### Dataset items

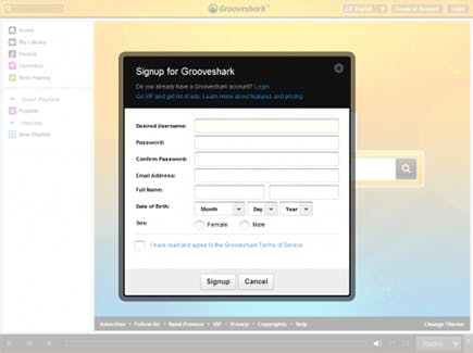 Open uw browser en surf naar Grooveshark. Klik helemaal rechts bovenaan op de knop Create an account. Voer nu de gevraagde gegevens in en plaats een vinkje bij I have read and agree to the Grooveshark Terms of Service. Klik vervolgens op de Signup-knop. U bent nu aangemeld en krijgt onmiddellijk de vraag om vrienden uit te nodigen. Indien u dat wilt doen, klikt u op Invite friends. Voer zoveel e-mailadressen in als u zelf wilt of voer uw Google-account en -wachtwoord in om Grooveshark-uitnodigingen naar al uw Gmail-contacten te versturen. Wilt u liever zelf aan de slag met Grooveshark zonder anderen lastig te vallen, dan klikt u op Great!. U wordt nu terug naar het beginscherm verwezen. Wanneer u helemaal rechts bovenaan op uw profielnaam en vervolgens op Settings klikt, kunt u uw profiel aanvullen. Via My Profile Picture kunt u bijvoorbeeld een profielfoto uploaden. Uw wachtwoord wijzigen of de instellingen voor Grooveshark-berichten aanpassen kan ook op deze pagina.
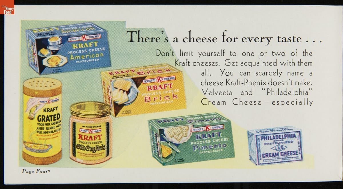 In 1915, J.L. Kraft, co-founder of J.L. Kraft and Bros. Co., developed a way to produce processed cheese requiring no refrigeration. Used in army rations in World War I, its popularity spread across America. The company acquired the Phenix Cheese Company in 1928 and under the name Kraft-Phenix Cheese Company sold many products. But its variety of cheeses were the most popular.
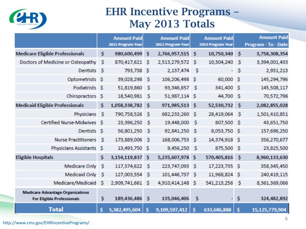 Medicaid Incentive Payments Medicaid Incentive Payments – May 2013 (Both MU and AIU) For final CMS reports, please visit: http://www.cms.gov/EHRIncentivePrograms/56_DataAndReports.asp
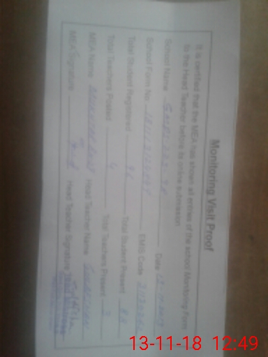 | Certified that this School was Inspected by the Undersigned MEA/DMO Today and the Information Stated Above is as Per Record. | |||||
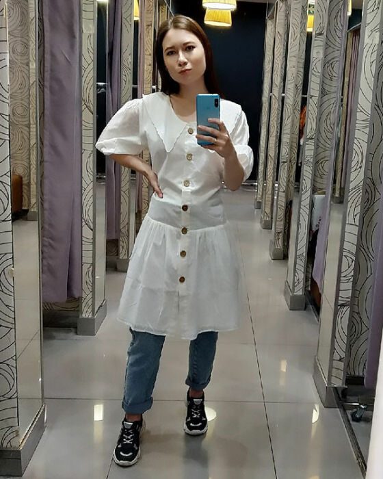Да, лень. Да, торопимся. Да, не хочется по несколько раз снимать и надевать брюки. Однако оставлять их во время примерки платья – большая ошибка. Так мы рискуем приобрести наряд, который не подходит по длине, зрительно обрезает ноги и вместо того, чтобы вытягивать силуэт, укорачивает рост. Оптимальный вариант – зайти в примерочную и померить платье с той обувью и аксессуарами, с которыми планируем носить его после покупки. Если вы пришли в магазин в шортах и шлепанцах, найдите обувь, похожую на вашу, или на нужном каблуке. Так вы сможете увидеть не только идет ли вам это платье, но также нравится ли подобное сочетание.
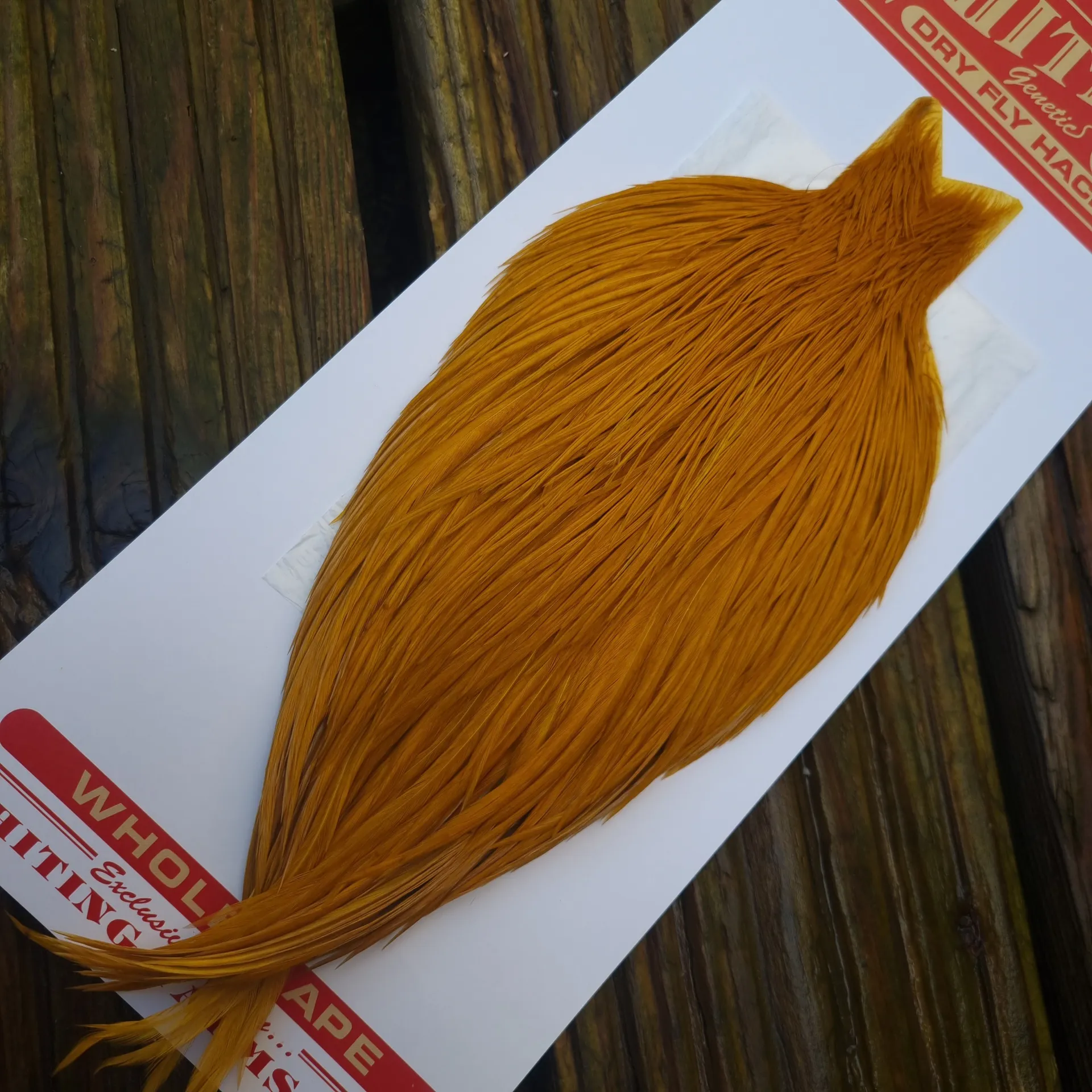 Whiting Dry Fly Capes are by far the best hackles available to the fly tier, Whiting use a medal system for grading starting at Platinum, Gold, Silver, Bronze, Pro-Grade and Now Commercial Grade!!! So as you work your way down the medals the cape will become a little smaller, less densely hackled with a smaller range of hackle sizes with a little slightly more cosmetic damage. So in other words Platinum is Perfection and Commercial Grade will show a bit of peck damage or other issues!!! For the average tier Commercial Grade will give everything you need, quality dry flies hackles, they have all the qualities of the higher graded capes but for whatever reason they never made the medals!!! Whatever the race ONLY THE VERY BEST GET A MEDAL!!!!

### Prompt
Print the data above exactly; drop every picture.

### Solution to this task
 Open uw browser en surf naar Grooveshark. Klik helemaal rechts bovenaan op de knop Create an account. Voer nu de gevraagde gegevens in en plaats een vinkje bij I have read and agree to the Grooveshark Terms of Service. Klik vervolgens op de Signup-knop. U bent nu aangemeld en krijgt onmiddellijk de vraag om vrienden uit te nodigen. Indien u dat wilt doen, klikt u op Invite friends. Voer zoveel e-mailadressen in als u zelf wilt of voer uw Google-account en -wachtwoord in om Grooveshark-uitnodigingen naar al uw Gmail-contacten te versturen. Wilt u liever zelf aan de slag met Grooveshark zonder anderen lastig te vallen, dan klikt u op Great!. U wordt nu terug naar het beginscherm verwezen. Wanneer u helemaal rechts bovenaan op uw profielnaam en vervolgens op Settings klikt, kunt u uw profiel aanvullen. Via My Profile Picture kunt u bijvoorbeeld een profielfoto uploaden. Uw wachtwoord wijzigen of de instellingen voor Grooveshark-berichten aanpassen kan ook op deze pagina.
 In 1915, J.L. Kraft, co-founder of J.L. Kraft and Bros. Co., developed a way to produce processed cheese requiring no refrigeration. Used in army rations in World War I, its popularity spread across America. The company acquired the Phenix Cheese Company in 1928 and under the name Kraft-Phenix Cheese Company sold many products. But its variety of cheeses were the most popular.
 Medicaid Incentive Payments Medicaid Incentive Payments – May 2013 (Both MU and AIU) For final CMS reports, please visit: http://www.cms.gov/EHRIncentivePrograms/56_DataAndReports.asp
 | Certified that this School was Inspected by the Undersigned MEA/DMO Today and the Information Stated Above is as Per Record. | |||||
Да, лень. Да, торопимся. Да, не хочется по несколько раз снимать и надевать брюки. Однако оставлять их во время примерки платья – большая ошибка. Так мы рискуем приобрести наряд, который не подходит по длине, зрительно обрезает ноги и вместо того, чтобы вытягивать силуэт, укорачивает рост. Оптимальный вариант – зайти в примерочную и померить платье с той обувью и аксессуарами, с которыми планируем носить его после покупки. Если вы пришли в магазин в шортах и шлепанцах, найдите обувь, похожую на вашу, или на нужном каблуке. Так вы сможете увидеть не только идет ли вам это платье, но также нравится ли подобное сочетание.
 Whiting Dry Fly Capes are by far the best hackles available to the fly tier, Whiting use a medal system for grading starting at Platinum, Gold, Silver, Bronze, Pro-Grade and Now Commercial Grade!!! So as you work your way down the medals the cape will become a little smaller, less densely hackled with a smaller range of hackle sizes with a little slightly more cosmetic damage. So in other words Platinum is Perfection and Commercial Grade will show a bit of peck damage or other issues!!! For the average tier Commercial Grade will give everything you need, quality dry flies hackles, they have all the qualities of the higher graded capes but for whatever reason they never made the medals!!! Whatever the race ONLY THE VERY BEST GET A MEDAL!!!!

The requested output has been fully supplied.